Gary brings decades of experience inside the Toyota system to this conversation, and he pulls no punches. While efficiency focuses on the producer — doing things with less waste — effectiveness focuses on the customer: solving the right problems, creating the right outcomes. Both matter, but most organisations are so obsessed with efficiency metrics that they are inadvertently destroying their own effectiveness — and often don't know it, because the metrics they are using are being gamed.

Gary shares two powerful case studies. The first involves a production manager claiming 103% efficiency — a mathematical impossibility that turned out to mask a true gross efficiency of just 50%. The second is a microbiology company on the verge of collapse that, by mapping its perfect system and systematically removing problems, errors, delays, and frustrations, reduced its project timeline from 116 weeks to just 26 weeks — and in the process solved science problems no one had ever solved, creating global patents and a new revenue stream. This is what effectiveness innovation looks like in practice.
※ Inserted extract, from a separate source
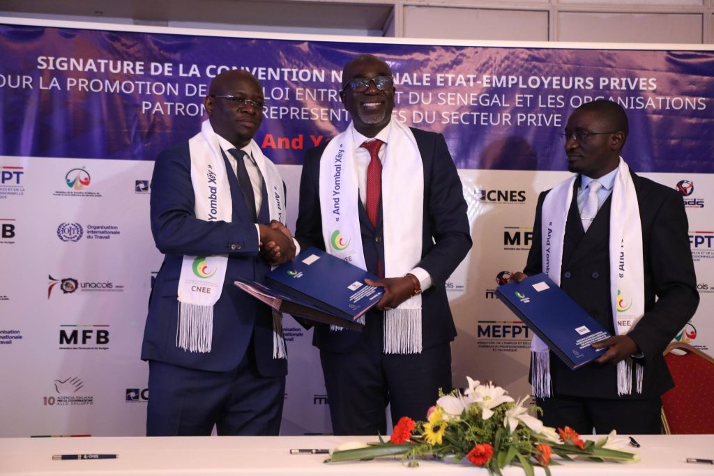 Ce jeudi 23 avril 2026, l’État du Sénégal et les principales organisations patronales du secteur privé ont officiellement procédé à la signature de la nouvelle Convention nationale État–Employeurs privés pour la promotion de l’emploi, baptisée « And Yombal Xëy ». La cérémonie s’est tenue à Dakar, à l’Hôtel King Fahd Palace, en présence de plusieurs membres du gouvernement et de partenaires techniques et financiers.

The conversation also challenges some deeply held assumptions about Lean, describing it as fundamentally a 'watching the hands' method that can take organisations to 3 or 3.5 out of 10 on the perfect line — but never to 4. The shift required to go further is not a technical one; it is a human one. And that requires leaders to give up command and control in favour of a model that develops the human mind as its primary purpose.

 

Key topics covered in this episode:

•       The difference between effectiveness innovation (customer-focused, revenue and profit) and efficiency innovation (producer-focused, working capital and cash flow)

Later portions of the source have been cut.